Function overload is just an intersection of function types#
Function overload can be thought of as a syntactic sugar for intersecting function types. Think about it—when we are overloading functions like:
function switchIt(input: string): number
function switchIt(input: number): string
Then we are saying that a value (i.e. that function) of this type (the function type/signature being overloaded) can be used both as a function of the first type/signature (input: string): number
and as a function of the second type/signature (input: number): string
. This effectively translates into an intersection of both function types/signatures:
type F = ((input: string) => string) & ((input: number) => number)
const switchIt_intersection: F = (input) => {
if (typeof input === 'string') {
return Number(input)
} else {
return String(input)
}
}
const num = switchIt_intersection(1) // ✅ has the string type
const str = switchIt_intersection('1') // ✅ has the number type
And you can also write type F
in the form of interface, since the interface definition automatically merges and is implicitly intersected by the compiler:
interface F {
(input: number): string
(input: string): number
}
Flow is another popular JavaScript type system. But, it doesn’t (fully) support the function overload syntax in TypeScript. However, it does allow you to set overloading types for functions using intersection types, exactly like what we did above with switchIt_intersection
.
Why use intersection types as opposed to union types for type F
Interestingly, the usage of intersection types for function overload (i.e. type F = ((input: string) => string) & ((input: number) => number)
) is a common source of confusion to people: when the overloaded function signature is written, union types are used, as opposed to intersection types.
function switch_overloaded(input: string): number
function switch_overloaded(input: number): string
function switch_overloaded(input: number | string): number | string { // 🤔 union, not intersection
// ...
}
This is because parameter types are contravariant—you must reverse the type relationship (i.e. flip the ands and ors) inside the function body.

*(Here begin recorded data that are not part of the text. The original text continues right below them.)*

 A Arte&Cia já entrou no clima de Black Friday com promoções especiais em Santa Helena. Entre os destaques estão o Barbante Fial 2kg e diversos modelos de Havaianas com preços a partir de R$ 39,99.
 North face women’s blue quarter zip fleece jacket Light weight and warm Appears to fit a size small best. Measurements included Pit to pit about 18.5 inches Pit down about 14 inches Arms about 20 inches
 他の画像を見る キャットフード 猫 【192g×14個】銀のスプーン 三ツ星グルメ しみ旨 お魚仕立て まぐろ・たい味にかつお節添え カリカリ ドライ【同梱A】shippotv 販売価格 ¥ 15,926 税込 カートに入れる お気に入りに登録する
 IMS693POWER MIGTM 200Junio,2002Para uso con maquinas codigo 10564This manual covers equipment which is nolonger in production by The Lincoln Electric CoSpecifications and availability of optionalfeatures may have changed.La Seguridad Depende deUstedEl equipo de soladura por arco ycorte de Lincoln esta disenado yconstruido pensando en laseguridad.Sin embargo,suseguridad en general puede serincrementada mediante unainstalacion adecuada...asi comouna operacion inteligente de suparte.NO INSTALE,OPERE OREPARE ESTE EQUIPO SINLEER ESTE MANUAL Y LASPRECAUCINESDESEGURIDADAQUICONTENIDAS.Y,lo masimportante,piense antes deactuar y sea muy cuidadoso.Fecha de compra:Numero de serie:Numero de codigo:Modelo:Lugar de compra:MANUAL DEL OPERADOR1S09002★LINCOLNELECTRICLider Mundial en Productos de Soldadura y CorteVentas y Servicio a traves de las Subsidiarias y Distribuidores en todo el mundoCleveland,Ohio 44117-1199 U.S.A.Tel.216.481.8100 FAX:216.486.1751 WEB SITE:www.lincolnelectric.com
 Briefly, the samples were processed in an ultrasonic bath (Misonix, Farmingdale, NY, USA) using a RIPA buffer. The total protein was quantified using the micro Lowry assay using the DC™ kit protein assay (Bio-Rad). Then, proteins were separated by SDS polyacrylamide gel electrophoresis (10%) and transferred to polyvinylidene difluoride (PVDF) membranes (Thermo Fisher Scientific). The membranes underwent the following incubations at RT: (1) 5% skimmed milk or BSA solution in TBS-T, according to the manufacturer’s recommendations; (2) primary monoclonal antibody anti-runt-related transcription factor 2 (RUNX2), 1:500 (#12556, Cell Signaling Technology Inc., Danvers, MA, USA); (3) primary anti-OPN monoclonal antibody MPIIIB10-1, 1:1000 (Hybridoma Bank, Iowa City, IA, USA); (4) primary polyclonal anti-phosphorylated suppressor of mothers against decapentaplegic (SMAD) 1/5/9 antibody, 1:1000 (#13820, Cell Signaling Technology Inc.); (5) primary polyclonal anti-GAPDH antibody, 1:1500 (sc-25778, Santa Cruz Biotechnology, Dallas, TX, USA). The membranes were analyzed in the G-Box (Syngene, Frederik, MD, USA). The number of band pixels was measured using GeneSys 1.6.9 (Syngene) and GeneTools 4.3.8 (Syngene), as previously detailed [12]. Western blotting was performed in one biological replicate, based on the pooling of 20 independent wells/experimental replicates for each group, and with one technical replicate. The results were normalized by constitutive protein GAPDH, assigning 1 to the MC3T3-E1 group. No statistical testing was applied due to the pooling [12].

For example, if the function has a type of string => X
and number => X
, then you have to handle an input that is a string
or a number
when working inside the function body.
My rule of thumb#
When it comes to typing polymorphic functions in TypeScript, I normally default to using generic types (constrained to a union type) along with conditional types. I only reach for function overload when I realize the function signature’s shapes for all its variants are different enough to be defined separately and explicitly.
For example:
- The
search
function above is a good candidate for function overload since the return value’s type changes depend on the number of arguments that gets passed to the function (the shapes of the function signatures are very different). - The
getRandom
function is not suitable for function overload since generic types with conditional types or indexed types are already a great tool to map input types to output types. Writing it using function overload would be extremely verbose. Functions with an excessive number of overloads can be confusing to people.
The bottom line is, whether you favour function overload or generic types with conditional types, we have to be very intentional about it and tread very carefully as neither of them is completely safe.